One of the best ways to build an ever growing income stream from your stock investment is with a DRIP. Simply stated a DRIP is a Dividend Reinvestment Plan whereby dividend distributions from your stock holdings are reinvested to purchase additional shares. By taking advantage of this type of investment vehicle you gain numerous advantages over the long term by allowing time to compound your investment. Let’s take a closer look at DRIPs and some of their inherent advantages.
One of the greatest advantages a DRIP features, is the ability to purchase additional stock fee free. Typically, when you buy stock from any of the popular brokerage houses a commission is charged per transaction. When you receive a dividend distribution that is enrolled in a DRIP the cash received is automatically reinvested and additional shares are added to your account for free. We all know that even small fees can add up to a lot over a long term investment and anytime you can add additional shares to your account at no cost should be taken advantage of.
DRIPs have the ability to provide you with tremendous compounding returns over time. Essentially, a one time purchase can grow to be quite large over time as DRIPs enter you into a never ending growth cycle whereby dividends automatically purchase additional shares which in turn provide an even greater number of shares at the next dividend distribution date. For example, if you had $2,000 invested in Pepsi in 1980, that would be worth more than $150,000 by the end of 2004. You would have started with 80 shares, but by reinvesting dividends, you’d now have 2,800 shares (source: Dividend.com).
Another great benefit of reinvesting dividends is the ability to automate purchases. This ‘set it and forget it’ approach essentially takes the ‘financial noise’ out of the equation when trying to decide whether or not you should make a stock purchase. Too often we are bombarded with scary headlines about the stock market and the direction it is headed in. These “news” sources might convince you, at times, to not invest or reinvest your dividend distributions. By enrolling in a DRIP, the thought process is essentially removed from the equation as every dividend received is automatically used to purchase additional shares. By having this autopilot approach you are afforded the luxury of putting your dividend distribution to work immediately which, as mentioned above, simply affords you portfolio faster growth.
These days DRIPs are very flexible in nature. You have the choice of determining full or partial enrollment with each investment you make. Say, for instance, you’d like to grow your portfolio by adding additional shares but also are looking for some dividend spending cash with each distribution. Solution: Enroll in a partial DRIP whereby a portion of your dividends purchase additional shares while the rest are given to you as cash. It is fully up to you to decide. Some stock brokerages even allow a flexible DRIP whereby dividends received in one company can purchase shares in another. Typically, DRIPs can only be reinvested into shares of the company that paid them. Scottrade, for example offers this flexible DRIP program whereby dividend distributions of, say Coca Cola, can be used to purchase shares in Pepsi. This is a great way to add diversity within your dividend income portfolio.

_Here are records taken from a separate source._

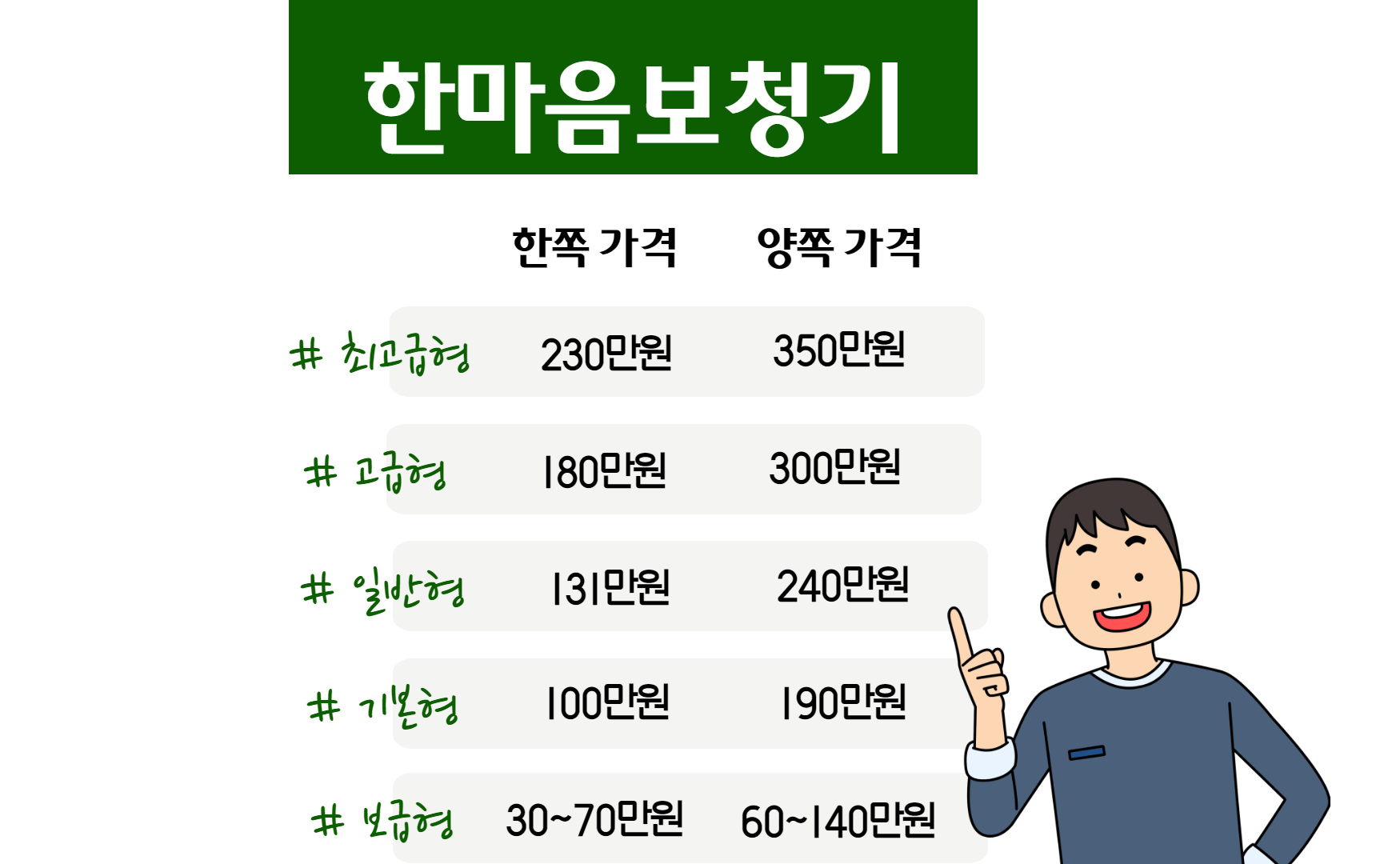 한마음보청기는 자세한 청력검사를 진행하고 검사 결과를 바탕으로 보청기를 착용하실 분에게 가장 적합한 보청기를 추천해 드립니다. 특히 다양한 브랜드를 취급하고 있어 직접 한자리에서 비교를 해보고 선택할 수 있으며 구입 이후 2달간 사용해 보시고 보청기가 맞지 않을 경우 다른 브랜드로 교환 또는 전액 반품도 보장해 드립니다.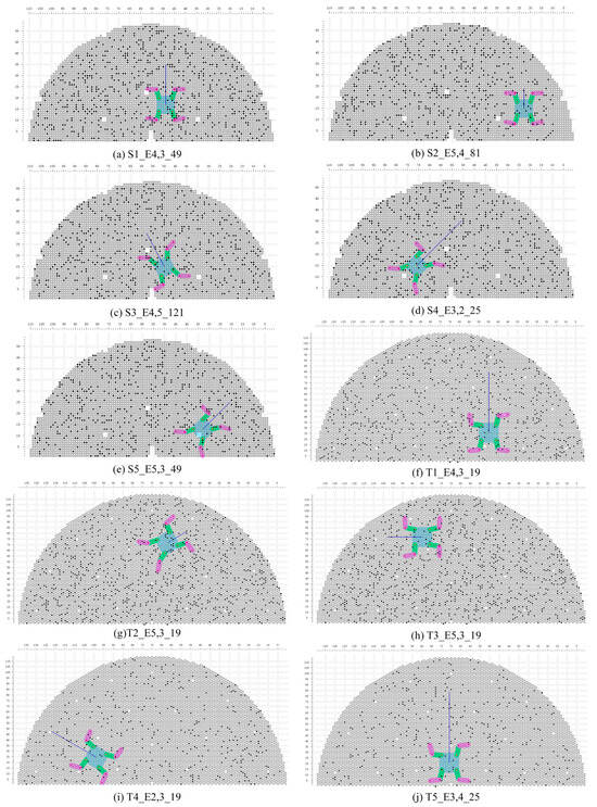 Using the models trained in Section 4.4, five sets of experiments were conducted by randomly adding obstacles to the environment. We used four metrics to assess the performance of the planning: Average Success Rate (ASR, the probability of successfully reaching the goal without encountering obstacles; higher is better), Average Episode Reward (AER, the average total planning score of the five-model experiments; higher is better), Average Episode Step (AES, the average total step difference of the five-model experiments; lower is better), and Average Episode Stable Reward (AESR, the average stable score of the five-model experiments, constantly non-positive; higher is better). Figure 12 illustrates one random obstacle environment and task among the 10 sets of models for S1–T5.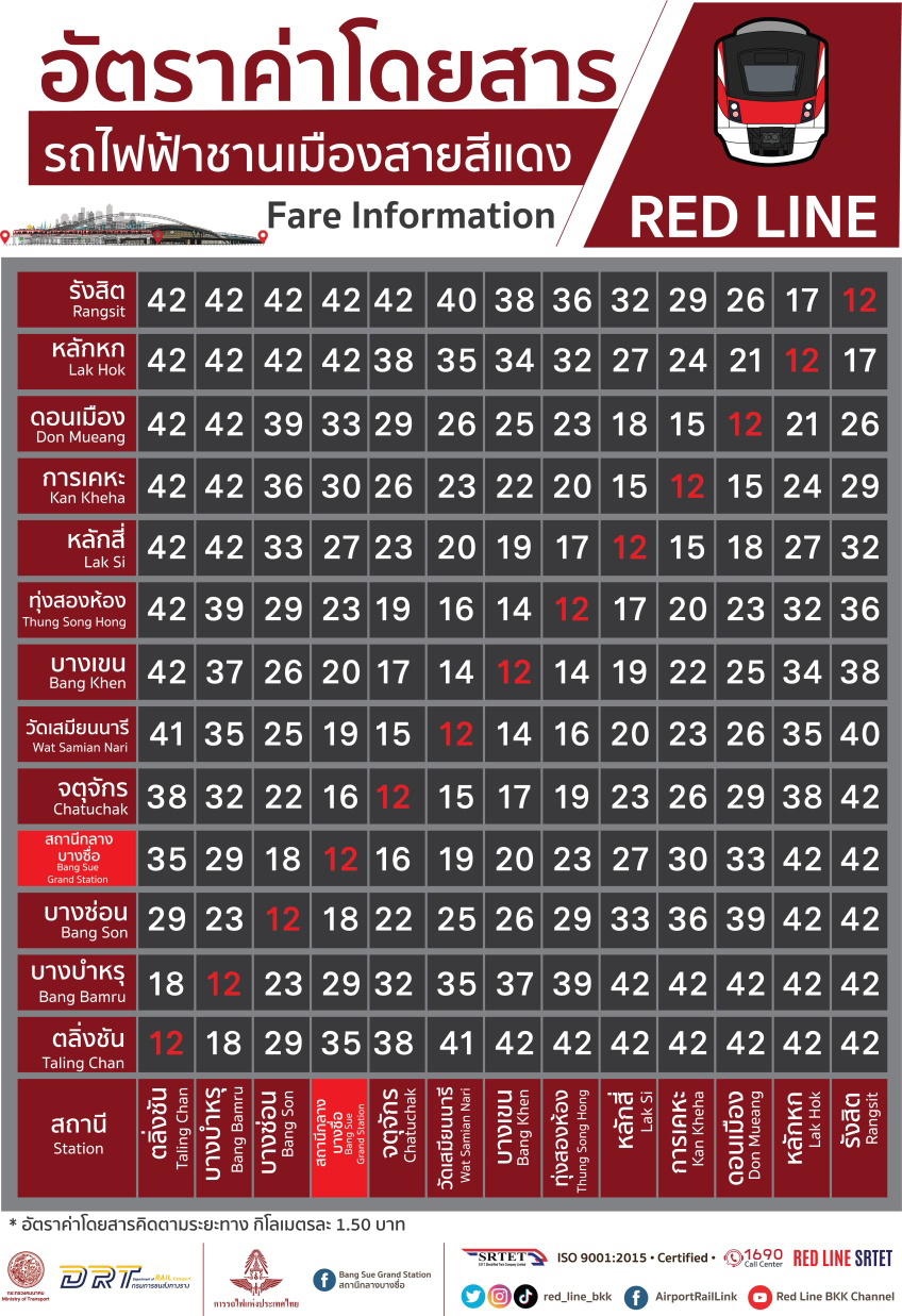 ล่าสุดเพจเฟซบุ๊ก Airport Rail Link โพสต์ประชาสัมพันธ์ อัตราค่าโดยสารรถไฟฟ้าสายสีแดงออกมาแล้ว ราคาเริ่มต้น 12-42 บาท อัตราค่าโดยสารคิดตามระยะทางกิโลเมตรละ 1.50 บาท ซี่งรายละเอียดราคาดูได้จากรูปด้านล่างนี้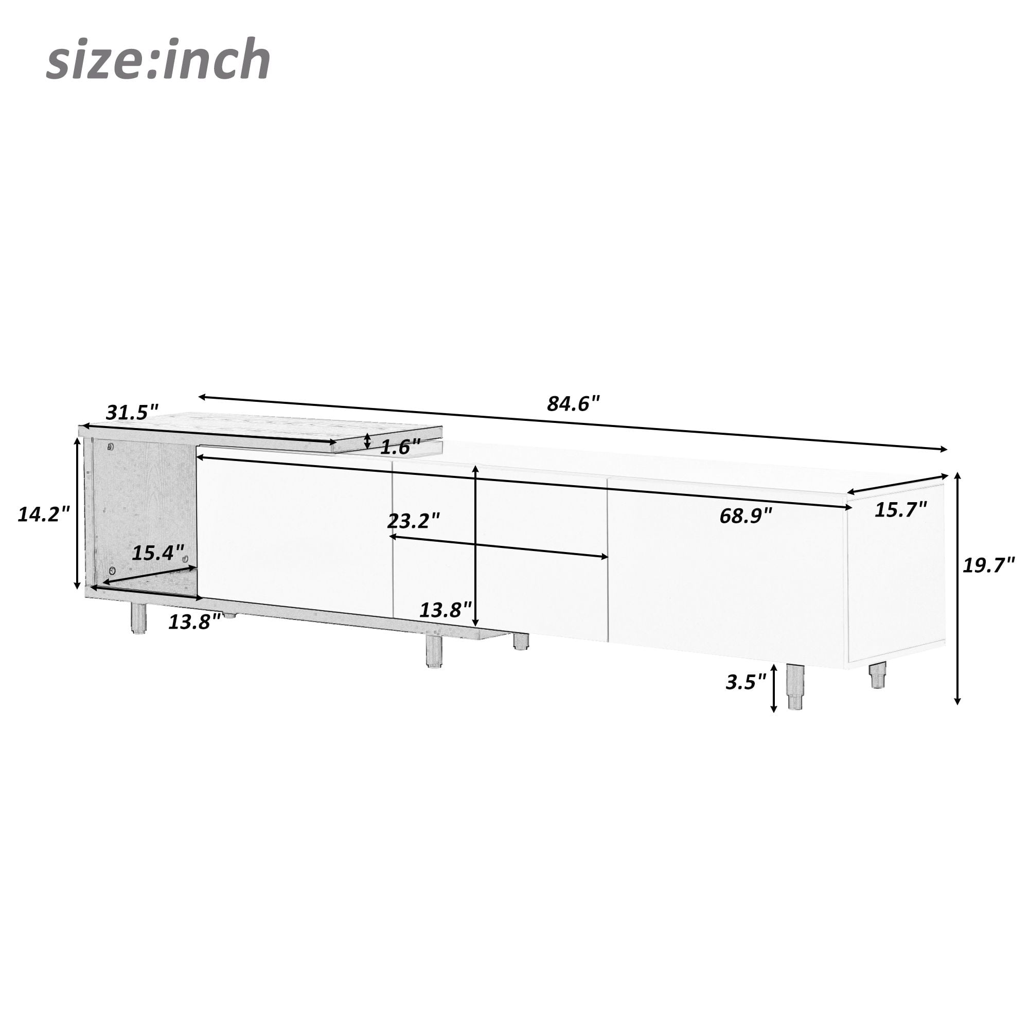 TV STAND FIT TVS UP TO 80″ – Our TV stand is as charming as it is functional. The rectangular media cabinet is smartly designed to display and conceal everything associated with audio, video and gaming. The expansive top holds up to a 80 in TV. LARGE-CAPACITY STORAGE – Three drawers provide adequate storage for remote controls, films, CD players, magazines and other multimedia items. MULTI-FUNCTION USAGE – AK-FT01-019 Television stand can match any style of room decoration perfectly, and also can be used as a media console gaming table. TV cabinet can meet all your display and storage needs. STURDY & DURABLE LIVING ROOM STAND – Environmentally friendly and durable particle board can support the entertainment center for many years.The TV stand can fit a TV set up to 80 inches in size and hold up to 170 pounds. the TV stand will not pinch or make noise when closed. EASY TO ASSEMBLE AND CLEAN – This wood TV stand comes with a clear instruction, which has straight forward illustrations and descriptions. Each screw and pin has its own code to let you easily understand the assembly progress. In addition,its smooth surface is waterproof and easy to keep clean with a damp cloth. PRODUCT INFORMATION Overall:19.7” H x 14.2” W x 84.6” D Top Weight capacity:170 Ibs Shelves Capacity:20 Ibs Drawers Capacity:50 lbs Table Top Thickness:1.6 Inch Clearance-Floor to Bottom:3.5 Inch Overall Product Weight:105 LBS Features Product Type:TV Stand Shelving:Yes Furniture Design:Cabinet/Enclosed storage Top Shape:Rectanole Top color:White Top Material:MDF Base Color:White Base Material:Particle board Purposeful Distressing Type:NO Wheels Included:NO Number of Shelves:1 Shelves Included:Yes Number of Drawers:3 Drawers Included:Yes Cabinets Included:NO Media Storage:Yes Estimated Time to Set Up:1H Eligible for Replacement Parts:Some Eligible for Hardware Packs:Yes Assembly Assembly Required:Yes Level of Assembly:Full Assembly Needed Installation Required:Yes Installation Hardware Included:Yes Warranty Commercial Warranty:Yes Product Warranty:Yes Warranty Length:One Year Full or Limited Warranty:Full PACKAGE INFORMATION: 1 x TV Stand 1 x User Manual:AK_AK-HL04WPB019-K0_PUM_JZ-022323

Another great advantage of enrolling in a DRIP is the ability to receive discounts from the companies that are sending you the distributions. Many companies offer 5% or even 10% discounts on your share price if you choose to reinvest your distribution back into the company that paid them. Just think about all these money saving advantages DRIPs offer. You save money on purchase fees and you may also be offered a share price discount.
Dollar Cost Average
Finally, DRIPs also give you the benefit of dollar cost averaging your purchase price without adding any new money of your own. If you bought a stock that happened to lose value after your purchase date your next dividend distribution will automatically buy new shares at a lower price thus lowering your average cost of the position.
One final note to be aware of when looking at different DRIP programs that exist is the ability to purchase whole or fractional shares. Most regular DRIP programs allow for the purchase of fractional shares which simply means that even the smallest dividend distributions can be reinvested even if the dividend received is not enough to buy one whole share. In this manner you are able to buy half, quarter or even tenths of a share of stock allowing your compounding machine to work with any dividend amount.
Other DRIP programs that exist are known as synthetic DRIPs whereby only whole shares can be purchased at a time. The disadvantage of these types of DRIPs is the fact that more money is needed up front in order to make sure your dividends received are enough to buy at least one whole share otherwise your dividend will be distributed as cash.